## Activity
Apart from the pictures, the listing is to be returned exactly.

[Dataset extract Boundary: Start]

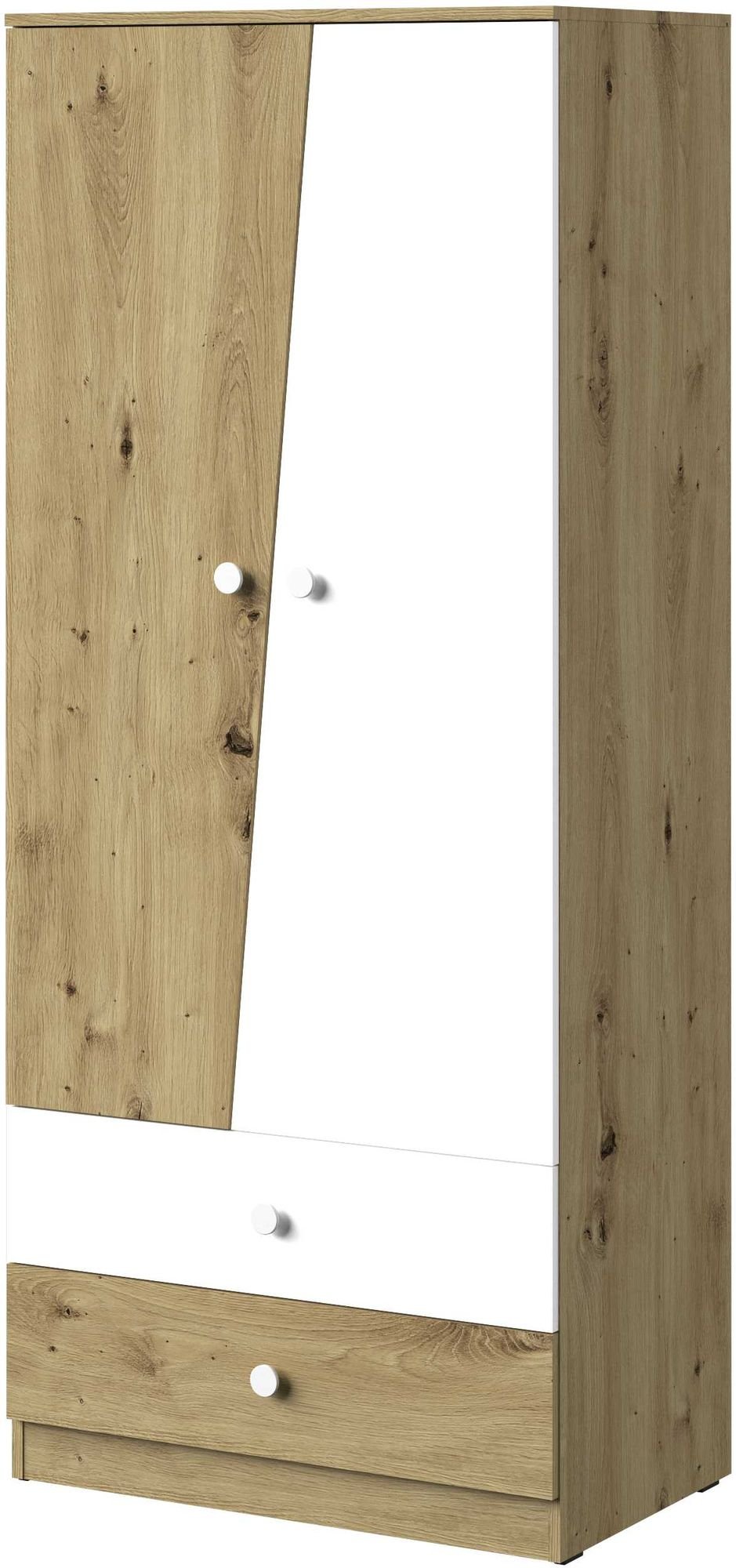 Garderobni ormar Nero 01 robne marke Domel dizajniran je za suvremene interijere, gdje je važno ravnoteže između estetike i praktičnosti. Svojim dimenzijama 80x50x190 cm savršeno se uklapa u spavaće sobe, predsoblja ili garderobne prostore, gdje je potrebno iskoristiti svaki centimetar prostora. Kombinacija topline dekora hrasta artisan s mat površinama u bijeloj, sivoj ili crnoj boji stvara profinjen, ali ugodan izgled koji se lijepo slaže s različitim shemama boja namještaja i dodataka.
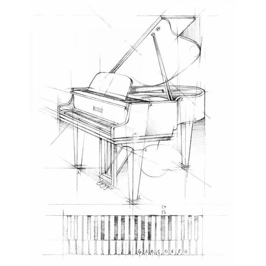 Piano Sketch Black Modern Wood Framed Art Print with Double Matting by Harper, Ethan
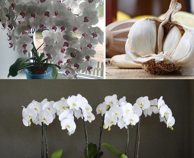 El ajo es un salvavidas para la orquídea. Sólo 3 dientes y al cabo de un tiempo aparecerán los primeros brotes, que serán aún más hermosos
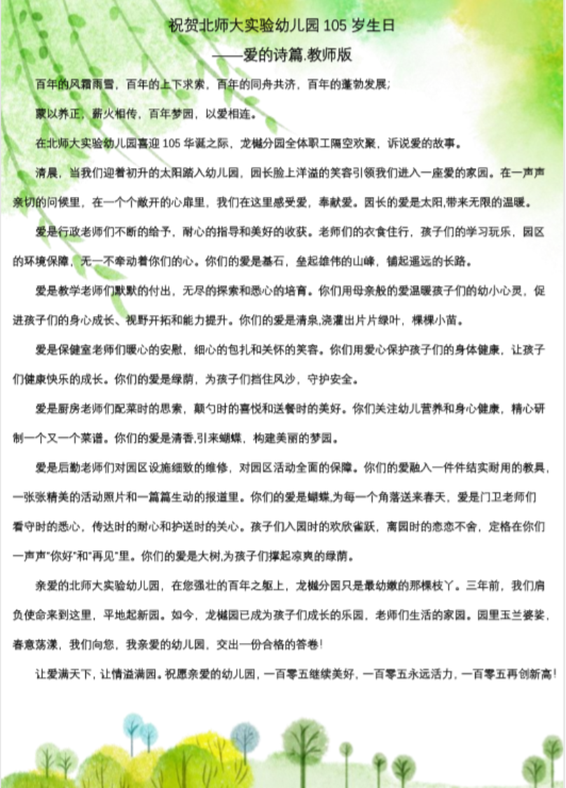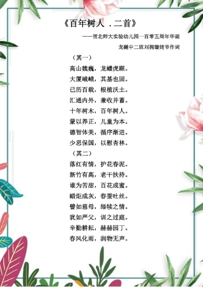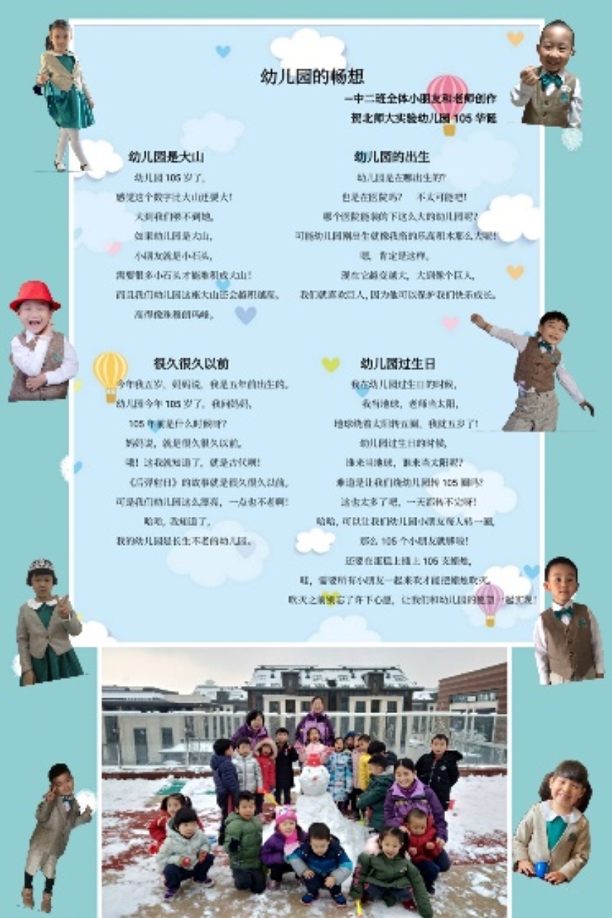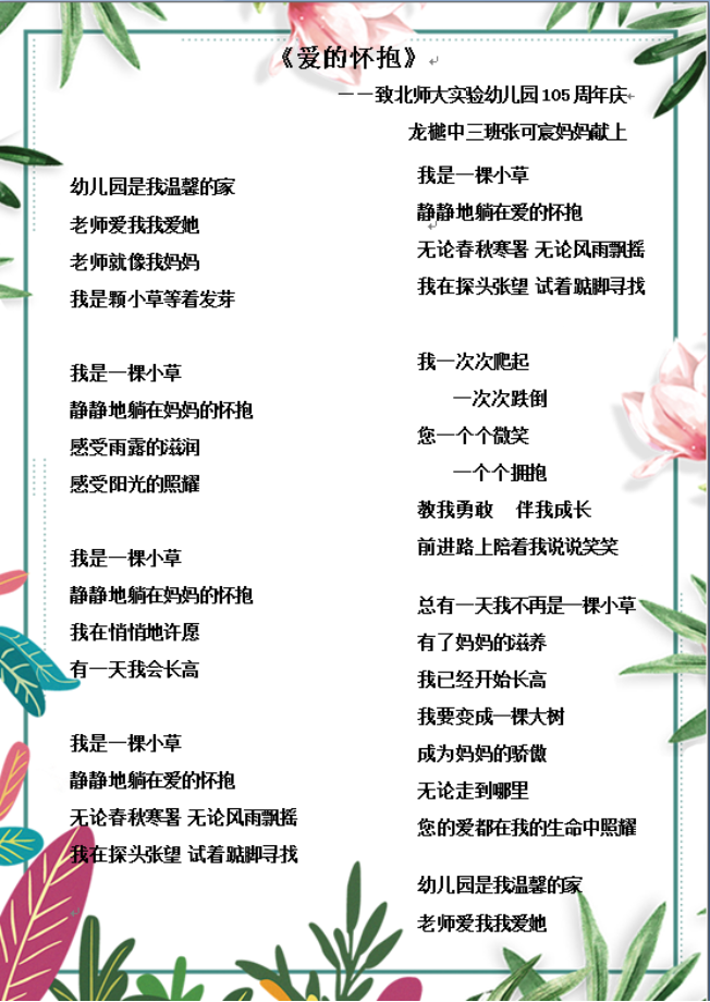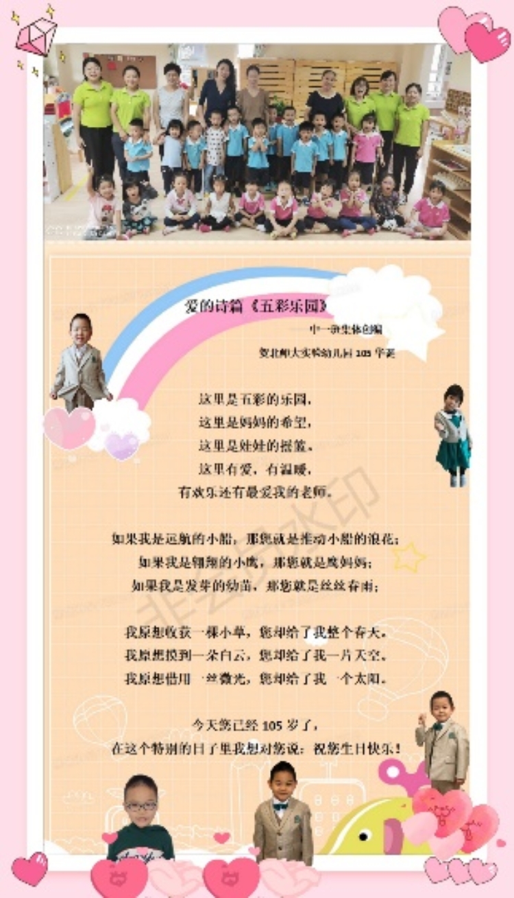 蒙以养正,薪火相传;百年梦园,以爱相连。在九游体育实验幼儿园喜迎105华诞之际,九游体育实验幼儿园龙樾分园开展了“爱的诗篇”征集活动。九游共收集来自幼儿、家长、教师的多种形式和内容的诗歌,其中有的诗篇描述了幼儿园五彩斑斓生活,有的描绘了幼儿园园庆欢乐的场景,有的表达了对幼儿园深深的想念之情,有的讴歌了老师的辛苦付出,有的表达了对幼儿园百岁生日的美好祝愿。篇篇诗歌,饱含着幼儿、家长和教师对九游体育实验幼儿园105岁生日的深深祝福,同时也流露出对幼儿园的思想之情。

[Dataset extract Boundary: End]

## Answer box
 Garderobni ormar Nero 01 robne marke Domel dizajniran je za suvremene interijere, gdje je važno ravnoteže između estetike i praktičnosti. Svojim dimenzijama 80x50x190 cm savršeno se uklapa u spavaće sobe, predsoblja ili garderobne prostore, gdje je potrebno iskoristiti svaki centimetar prostora. Kombinacija topline dekora hrasta artisan s mat površinama u bijeloj, sivoj ili crnoj boji stvara profinjen, ali ugodan izgled koji se lijepo slaže s različitim shemama boja namještaja i dodataka.
 Piano Sketch Black Modern Wood Framed Art Print with Double Matting by Harper, Ethan
 El ajo es un salvavidas para la orquídea. Sólo 3 dientes y al cabo de un tiempo aparecerán los primeros brotes, que serán aún más hermosos
 蒙以养正,薪火相传;百年梦园,以爱相连。在九游体育实验幼儿园喜迎105华诞之际,九游体育实验幼儿园龙樾分园开展了“爱的诗篇”征集活动。九游共收集来自幼儿、家长、教师的多种形式和内容的诗歌,其中有的诗篇描述了幼儿园五彩斑斓生活,有的描绘了幼儿园园庆欢乐的场景,有的表达了对幼儿园深深的想念之情,有的讴歌了老师的辛苦付出,有的表达了对幼儿园百岁生日的美好祝愿。篇篇诗歌,饱含着幼儿、家长和教师对九游体育实验幼儿园105岁生日的深深祝福,同时也流露出对幼儿园的思想之情。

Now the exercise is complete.